Function type signatures

Question

I tried to find this somewhere in internet, but I failed to do this. I want to learn OCaml and that's difficult to understand for me, how to do this.

My question is - how can I easy write a function, when I have a signature. For example - I have a signature like this:

((int -> int) -> int -> int -> int) -> (int -> int) -> int -> int -> int

and I want to write a function, that have signature like this above. Would someone help me or try to explain this? I would be very grateful :)

Answer 1

A function with type 'a -> 'b, takes values of some type 'a and returns values of some type 'b. To use specific types, a function of type int -> int takes an int and returns an int. This is the type of integer negation, for example.

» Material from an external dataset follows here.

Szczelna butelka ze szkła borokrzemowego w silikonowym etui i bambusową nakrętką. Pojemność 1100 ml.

One way to look at a function with type 'a -> 'b -> 'c is that it takes two values, of type 'a and 'b, and returns a value of type 'c. A specific example would be the type int -> int -> int, which is the type of integer addition (say):

# (+);;
- : int -> int -> int = <fun>

This pattern continues for more arguments.

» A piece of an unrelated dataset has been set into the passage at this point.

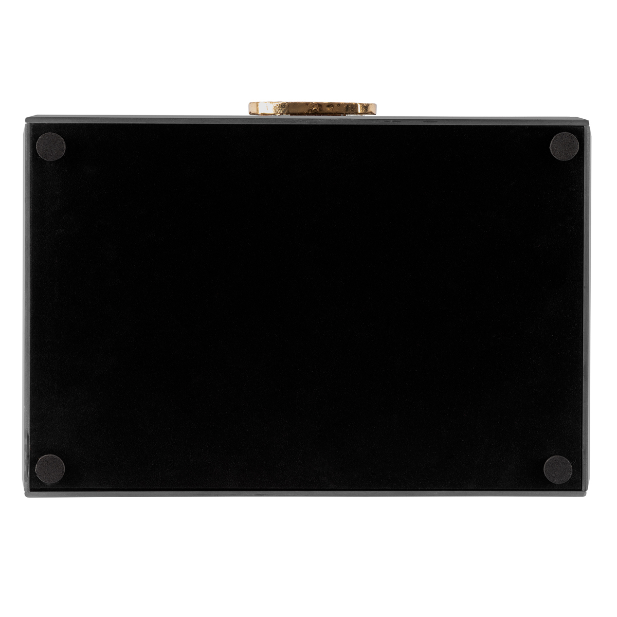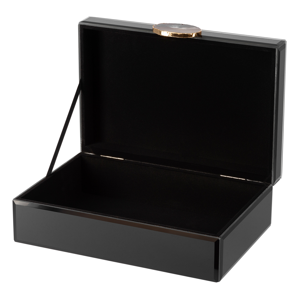 Шкатулка Gipfel Augusta 42879. Размер 24x16x8 см. Изготовлена из МДФ и стекла. Поверхность глянцевая черная стеклянная. Украшение из натурального кофейного или коричневого агата с золотой фольгированной окантовкой расположено на крышке в виде ручки. У шкатулки одно отделение с черной бархатистой внутренней отделкой. На бархатистом черном дне прикреплены мягкие ножки, не царапающие поверхность мебели.

The type you give has this type at the high level: 'a -> 'b -> 'c -> 'd -> 'e. So, it's a function with four arguments.

The first argument has type (int -> int) -> int -> int -> int, which is itself quite complicated. The second argument has type int -> int, described above. The third and fourth arguments have type int. The function returns an int.

Using this same analysis on the first argument, you can see that it's a function with three arguments. The first is a function of type int -> int, and the second and third are of type int. This function returns an int.

Here's a function of type (int -> int) -> int -> int -> int:

let myfun f a b =
    (f a) + a + b

You can see the type in the OCaml toplevel:

# let myfun f a b =
     (f a) + a + b;;
val myfun : (int -> int) -> int -> int -> int = <fun>
# 

You should be able to work out the rest. I don't want to take all the enjoyment out of the problem by giving a full answer.